Собачья работа - Галина Львовна Романова
Шрифт:
Интервал:
Закладка:
— О нет…
Брат Домагощ стоял на одном колене. И сначала показалось, что он просто зажал под мышкой меч своего противника, но потом я присмотрелась и увидела, что вышедший у него из спины клинок окрашен алым. Коршун застыл над ним, замер с вытянутой вперед правой рукой. «Орел» и «ястреб» смотрели друг на друга. Потом Коршун, отступив, резко выдернул меч из раны, и брат Домагощ, постояв какое-то время, внезапно дернулся всем телом, словно пытался вскочить, но завалился набок. Кровь хлынула у него изо рта, тело несколько раз дрогнуло.

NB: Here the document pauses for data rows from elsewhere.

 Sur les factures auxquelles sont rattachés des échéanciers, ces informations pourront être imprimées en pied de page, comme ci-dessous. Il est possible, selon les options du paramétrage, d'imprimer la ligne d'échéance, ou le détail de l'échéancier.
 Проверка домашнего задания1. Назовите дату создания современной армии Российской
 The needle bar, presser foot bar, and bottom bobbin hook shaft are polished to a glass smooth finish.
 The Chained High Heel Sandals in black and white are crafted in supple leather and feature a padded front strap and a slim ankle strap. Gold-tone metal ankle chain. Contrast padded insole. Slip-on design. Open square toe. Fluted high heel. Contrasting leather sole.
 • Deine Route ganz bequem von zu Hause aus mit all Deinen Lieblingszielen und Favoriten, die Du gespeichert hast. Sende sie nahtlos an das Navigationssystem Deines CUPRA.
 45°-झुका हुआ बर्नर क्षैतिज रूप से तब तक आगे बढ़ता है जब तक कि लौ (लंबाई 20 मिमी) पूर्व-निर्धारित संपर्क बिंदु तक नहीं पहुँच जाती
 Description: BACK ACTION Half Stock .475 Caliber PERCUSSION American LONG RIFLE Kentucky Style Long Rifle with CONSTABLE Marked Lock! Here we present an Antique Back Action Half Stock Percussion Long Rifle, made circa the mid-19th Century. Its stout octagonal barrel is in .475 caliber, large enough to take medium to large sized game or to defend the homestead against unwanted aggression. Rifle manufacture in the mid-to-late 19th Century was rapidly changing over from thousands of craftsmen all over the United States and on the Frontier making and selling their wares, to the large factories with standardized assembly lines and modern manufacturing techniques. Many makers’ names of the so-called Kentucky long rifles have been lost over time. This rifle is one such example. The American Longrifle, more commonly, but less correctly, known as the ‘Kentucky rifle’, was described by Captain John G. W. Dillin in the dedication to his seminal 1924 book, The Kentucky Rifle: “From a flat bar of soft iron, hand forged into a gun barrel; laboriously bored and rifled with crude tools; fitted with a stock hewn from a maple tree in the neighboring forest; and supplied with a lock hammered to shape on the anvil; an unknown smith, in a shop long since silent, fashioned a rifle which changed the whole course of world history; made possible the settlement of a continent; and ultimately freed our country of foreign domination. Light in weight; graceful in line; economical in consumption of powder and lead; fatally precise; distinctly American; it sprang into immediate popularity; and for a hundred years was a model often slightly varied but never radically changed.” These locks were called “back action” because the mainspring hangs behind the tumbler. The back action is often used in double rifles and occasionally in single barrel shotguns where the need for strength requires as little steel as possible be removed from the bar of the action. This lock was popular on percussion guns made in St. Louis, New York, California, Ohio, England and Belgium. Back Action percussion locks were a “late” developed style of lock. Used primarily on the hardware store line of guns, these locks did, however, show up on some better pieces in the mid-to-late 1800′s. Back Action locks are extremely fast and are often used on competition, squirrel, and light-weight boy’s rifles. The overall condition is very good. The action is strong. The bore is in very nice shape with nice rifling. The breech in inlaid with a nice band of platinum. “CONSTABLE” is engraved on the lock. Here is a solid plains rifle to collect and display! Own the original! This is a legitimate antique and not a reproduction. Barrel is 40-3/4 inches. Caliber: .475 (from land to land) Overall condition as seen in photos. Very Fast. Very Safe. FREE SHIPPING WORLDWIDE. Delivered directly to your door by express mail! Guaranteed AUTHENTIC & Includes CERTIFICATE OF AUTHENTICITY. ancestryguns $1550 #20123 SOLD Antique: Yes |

Зрители опять заорали. И этот крик придал нам с Тодором сил. Очертя голову, мы кинулись друг на друга.
Я все-таки не потеряла разума, памятуя о том, что у меня всего одна нога. Атаковав Тодора, отступила назад. Рыцарь отскочил слишком далеко, разорвал дистанцию, но, сообразив, что я не собираюсь его преследовать, опять бросился в атаку.
Останься я на месте, все бы закончилось. Но я рискнула и сделала шаг.
Опершись на протез и перенеся на него тяжесть тела, крутанулась на месте, сливая по щиту меч противника. Разогнавшийся Тодор «провалился», и я, воспользовавшись ошибкой противника, ударила его не по щиту, а в бок.
— Бей! — ворвался в уши отчаянный женский крик. Кто кричал? Ведь не мать Любана? И кому?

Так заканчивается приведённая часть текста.